Estas empresas precisam mostrar para as startups – para as pessoas que têm ideias e que querem efetivamente fazer as coisas acontecerem – que têm abertura para fazer negócios e gerar oportunidades.

O empresário precisa ser mais flexível. É necessário trabalhar o mindset dele, antes de o colocar frente a frente com as startups. Alguns empresários querem ficar com a maior parte das startups, tirando todo o tesão do empreendedor, ou querem explorar, usando gratuitamente a tecnologia das startups para construção de cases. Isso não ajuda.

Precisamos deixar muito claro para os empresários que esse não é um trabalho de marketing cujo objetivo é mostrar que estão engajados e envolvidos com a inovação. É preciso ter entrega. E entrega se faz através da geração de negócios.

É preciso trabalhar o mindset do grande empresário, pois ele vai precisar ajudar. Ele precisa dar espaço para a inovação e entender que a inovação é um caminho longo. Diferentemente da compra de uma mercadoria já validada. Ele vai precisar construir junto.

Por outro lado, a startup também precisará de todo o apoio de profissionais que vão ajudá-la na parte comercial, na parte de produto. Neste caso, é possível chamar o SEBRAE ou uma instituição que pode apoiá-la nesse ponto.

Para ser efetivamente um catalisador, a principal questão é qual o valor a startup vê no Instituto Caldeira e como ela pode se beneficiar estando aqui.

Assim como a corporate também precisa ver valor e saber que há uma parcela de contribuição para o desenvolvimento da sociedade gaúcha de inovação.”

O trabalho em rede baseado na cooperação é uma marca da Nova Economia. De que forma instituições como Caldeira e ACATE podem atuar em conjunto? Concorda que a consolidação da Região Sul como um polo pujante e vibrante vocacionado para a tecnologia e inovação pode gerar excepcionais resultados para o Brasil?

São diversas!

A gente pode trabalhar visando a troca de oportunidades, de conexão e compartilhamento de desafios das corporates, tanto as que participam do Caldeira, quanto as que participam do Linklab, ACATE.

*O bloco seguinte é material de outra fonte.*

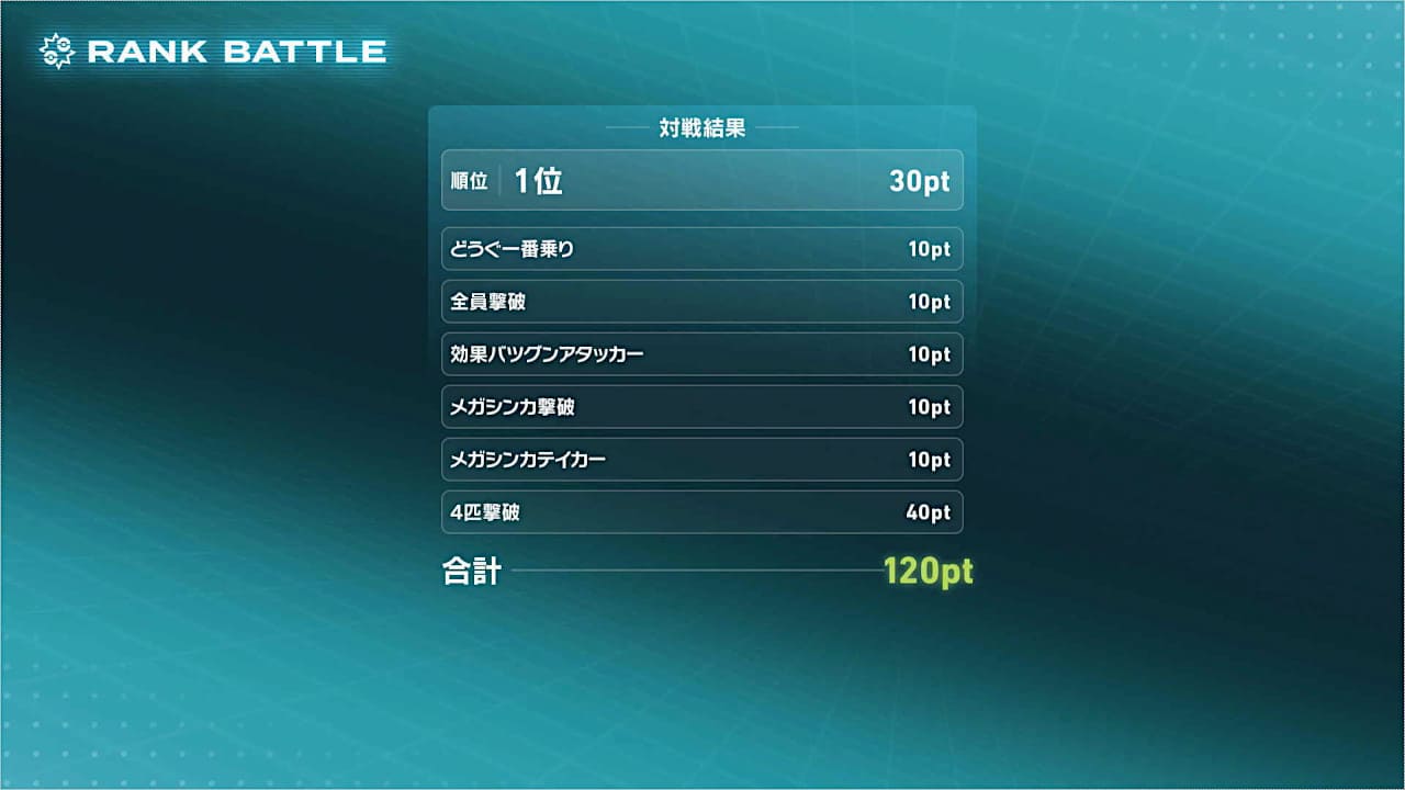 3位と4位はマイナスポイントですが、追加ポイントの獲得条件は多様です。対戦中の行動を意識して効率よくポイントを稼ぐようにしましょう。

Podemos trabalhar em eventos conjuntos, fazendo um intercâmbio entre os ecossistemas. Temos muito o que aprender um com o outro, visitando empresas, ideias e programas que vêm sendo realizados.

Podemos também agendar pitch days cruzados com as 39 empresas fundadoras aqui em SC e levando nossas empresas para o RS, além de construir um porto seguro para as empresas catarinenses que querem trabalhar no RS. E vice-versa.

São muitas coisas. O mindset de inovação é colaborativo. Entender que, se um cresce, crescem todos.